Belo’s motivation to open in the US also stemmed from her critical eye. Whenever she’s in Beverly Hills or some chichi place in LA, it’s common for her to see ladies who lunch with the classic deer-in-the-headlights look.
“There are probably cases which have been done well, and therefore not obvious,” she said. “But some are so obvious that you know immediately they’ve had something done—overfilled lips, cheeks that are too big, the startled look. It has come to a point that they’re all beginning to look alike. I said to myself, maybe there’s room for Filipino aesthetics here.”
With the opening of Belo Skin Care, her only regret is that LA, one of her favorite cities, will now cease to become a venue for rest and recreation. She used to hie off to LA (where her mother, Nena Belo, owns a house) for a week or so to recharge, catch up on sleep and watch TV shows she’d missed.

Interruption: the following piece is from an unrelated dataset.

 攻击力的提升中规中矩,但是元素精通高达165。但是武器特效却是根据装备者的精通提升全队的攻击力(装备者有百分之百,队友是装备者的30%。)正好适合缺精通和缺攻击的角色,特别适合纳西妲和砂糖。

“God knows I’m so busy whenever I’m in the Philippines. Now I also have to work whenever I’m here. It’s the same thing in Paris,” she sighed.
Although she believes in the power of a story told well—no matter how controversial it sometimes seems—Belo has never been big on strategic planning when it comes to expanding her business. Belo Skin Care is no exception.
“I’m really a go-with-the-wind kind of person,” she said. “I never really plan things in their minutest details. I always say that God is good to everybody. If you plan too much, you end up not seeing the other opportunities He has for you. I’m 54, and I promised myself to slow down soon. That’s why if this venture doesn’t succeed, I won’t feel devastated.”
(This piece is dedicated to good friend and former PDI colleague Leah Salterio, BMG’s current PR and media relations officer. Salterio recently had a stroke hours after arriving in LA from Manila to help oversee Belo Skin Care’s Glendale launch. Get well soon, Leah.)